- Provided data

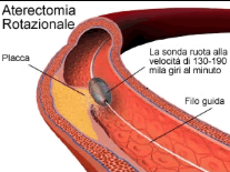 L’aterectomia rotazionale (Rotablator) è una procedura con la quale si cerca di disostruire l’arteria coronaria ristretta mediante il passaggio di una piccolissima fresa rotante a forma di palla da rugby (di oliva) montata sulla punta di un catetere che ruota ad alta velocità. Il Rotablator è in grado di asportare la placca aterosclerotica frantumandola in microscopici frammenti che verranno riassorbiti dai vasi capillari a valle della lesione.
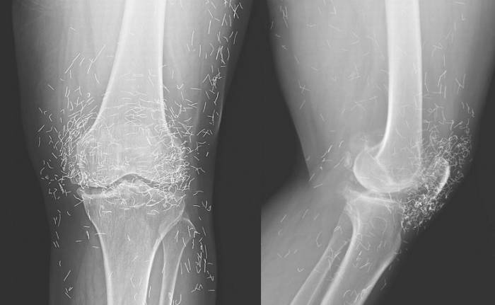 Το παράξενο είναι πως οι γιατροί, εκτός από τα εμφανή σημάδια της αρθρίτιδας, εντόπισαν ένα μεγάλο αριθμό από χρυσές βελονίτσες στα γόνατά της. Η γυναίκα είχε λάβει αγωγή με αναλγητικές ενέσεις και αντιφλεγμονώδη φάρμακα στο παρελθόν, ωστόσο οι πόνοι δεν υποχωρούσαν.
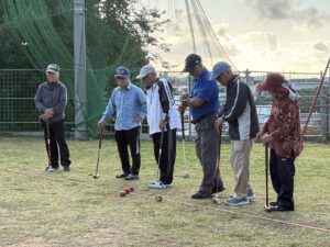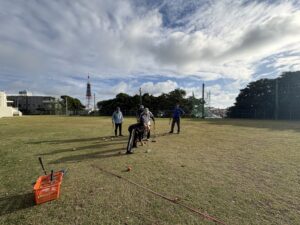 嘉数ガジュマル会ではゲートボール大会前になると週に3回(火木土)に集中的に練習するそう
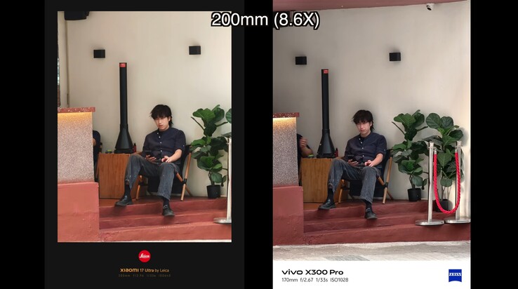 Mir persönlich gefällt das Ergebnis im ersten Photo bei Vivo zwar besser, weil es deutlich schärfer ist, der gelbliche Hintergrund der Wand wird mit dem Xiaomi 17 Ultra allerdings authentischer eingefangen. Beim zweiten Shot sind beide Aufnahmen meiner Meinung nach nicht ideal. Beim X300 Pro wirkt das Gesicht zu stark KI-bearbeitet, beim Xiaomi 17 Ultra ist es dagegen unscharf. In weiterer Folge teilt der Tester auch seine ersten Videoaufnahmen aus Hong Kong. Gut gelungen ist Xiaomi offenbar der Übergang vom optischen Zoombereich zum Digitalzoom ab 100mm.
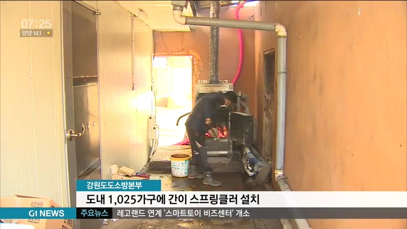 강원도소방본부가 도내에서 화목보일러를 사용하는 천 25가구를 선정해, 지난달부터 두 달간 간이 스프링클러를 설치했다고 밝혔습니다.
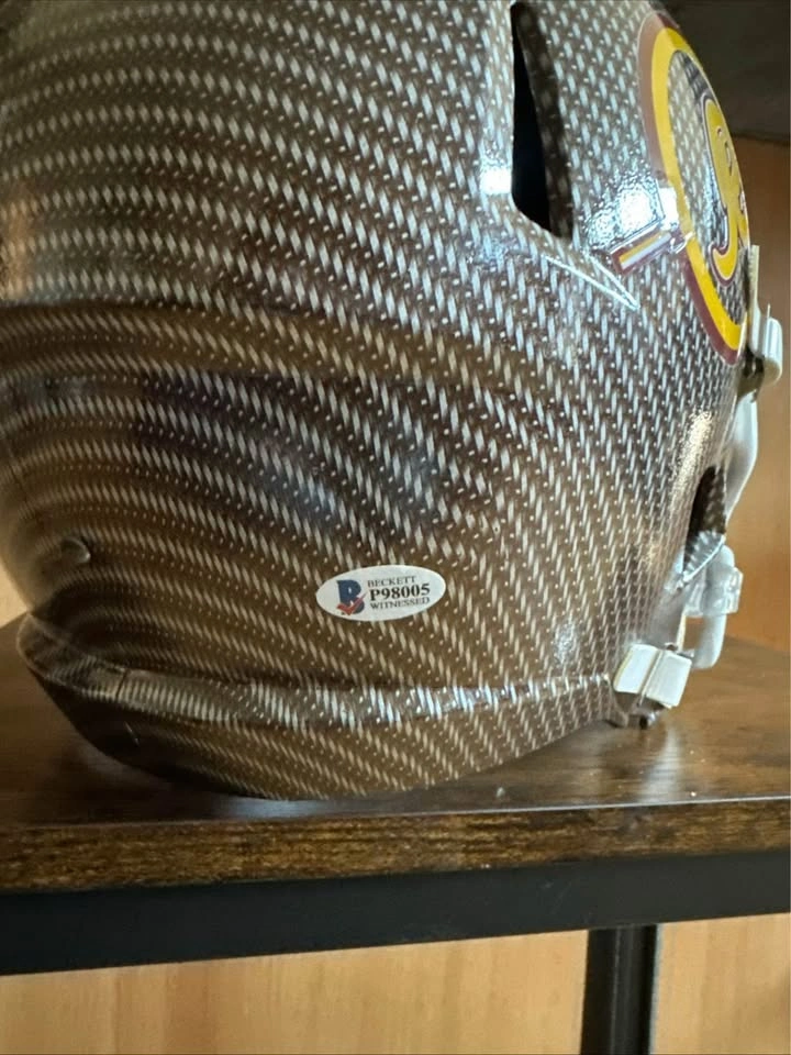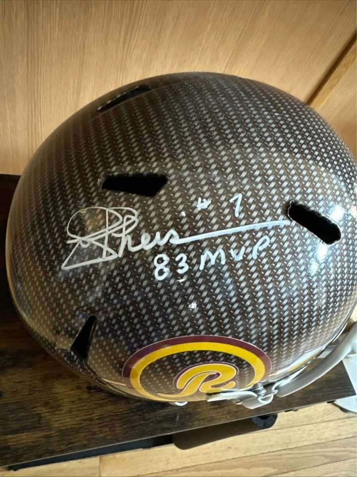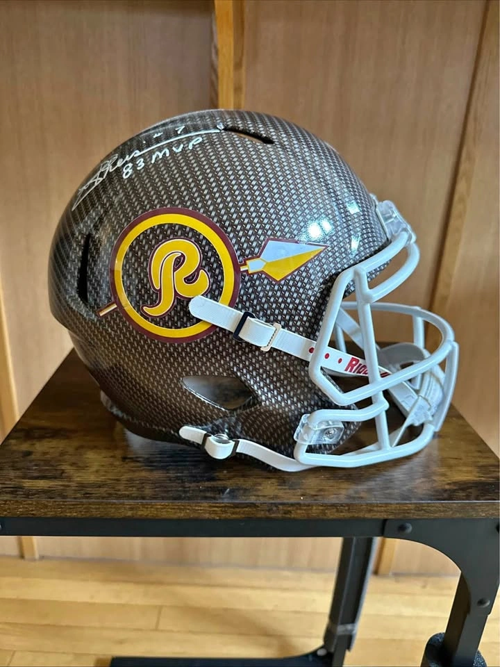 $500 OBO (Can ship at the buyers expense) Autographed Washington Redskins full-size Riddell Carbon Fibre collector helmet signed by Joe Theismann (#7) with the inscription “83 MVP”. • Specialty Carbon Fibre edition — a premium collector’s helmet • Beckett Witnessed authentication (sticker & COA included) • Clean, bold signature with inscription • Excellent condition, ideal for display or investment-grade memorabilia Carbon Fibre helmets are much rarer and more desirable than standard replicas. Market value for Beckett-authenticated Theismann Carbon Fibre helmets typically sits between $650-$750, and this one is priced fairly with room for negotiation.
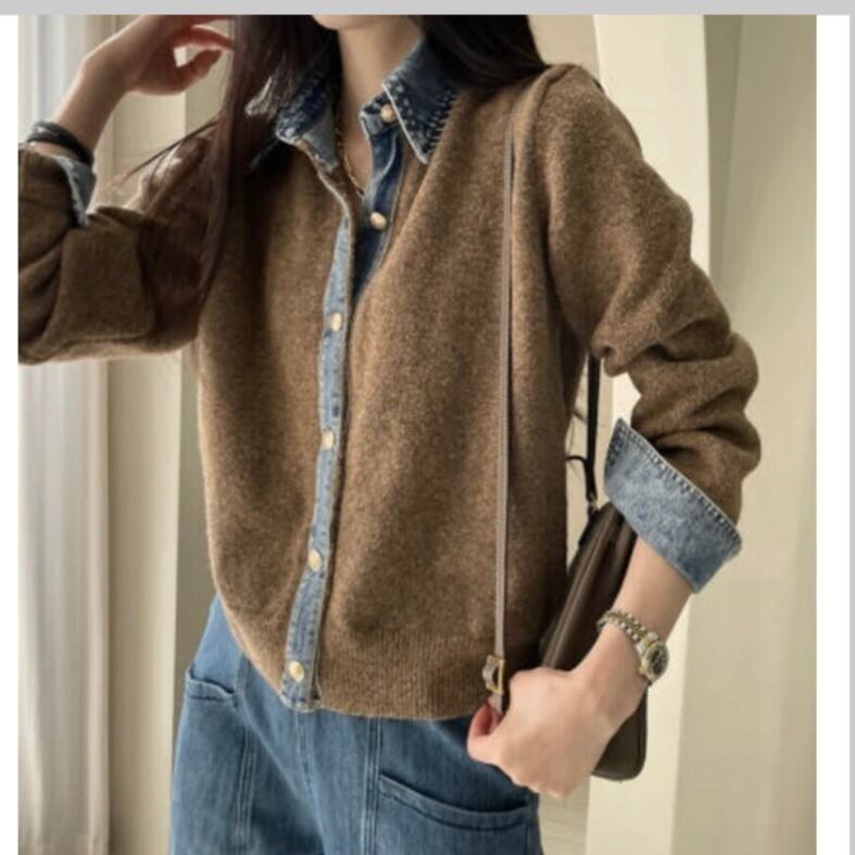 ■デニムシャツレイヤード風カーディガンの魅力は、そのスタイリッシュな佇まいと使いやすさにあります。普段使いはもちろん、ちょっとしたお出かけにも対応しており、どんなコーディネートにも自然に馴染む点がポイントです。また、柔らかい素材のため、毛玉ができやすいので使用後はブラシを使ってお手入れしていただくことをおすすめします。

- Task
From the records above, output only the lines starting at the one containing "강원도소방본부가 도내에서 화목보일러를" and ending at the one containing "room for negotiation.", word for word. Pictures stay out.

- Exercise output
 강원도소방본부가 도내에서 화목보일러를 사용하는 천 25가구를 선정해, 지난달부터 두 달간 간이 스프링클러를 설치했다고 밝혔습니다.
 $500 OBO (Can ship at the buyers expense) Autographed Washington Redskins full-size Riddell Carbon Fibre collector helmet signed by Joe Theismann (#7) with the inscription “83 MVP”. • Specialty Carbon Fibre edition — a premium collector’s helmet • Beckett Witnessed authentication (sticker & COA included) • Clean, bold signature with inscription • Excellent condition, ideal for display or investment-grade memorabilia Carbon Fibre helmets are much rarer and more desirable than standard replicas. Market value for Beckett-authenticated Theismann Carbon Fibre helmets typically sits between $650-$750, and this one is priced fairly with room for negotiation.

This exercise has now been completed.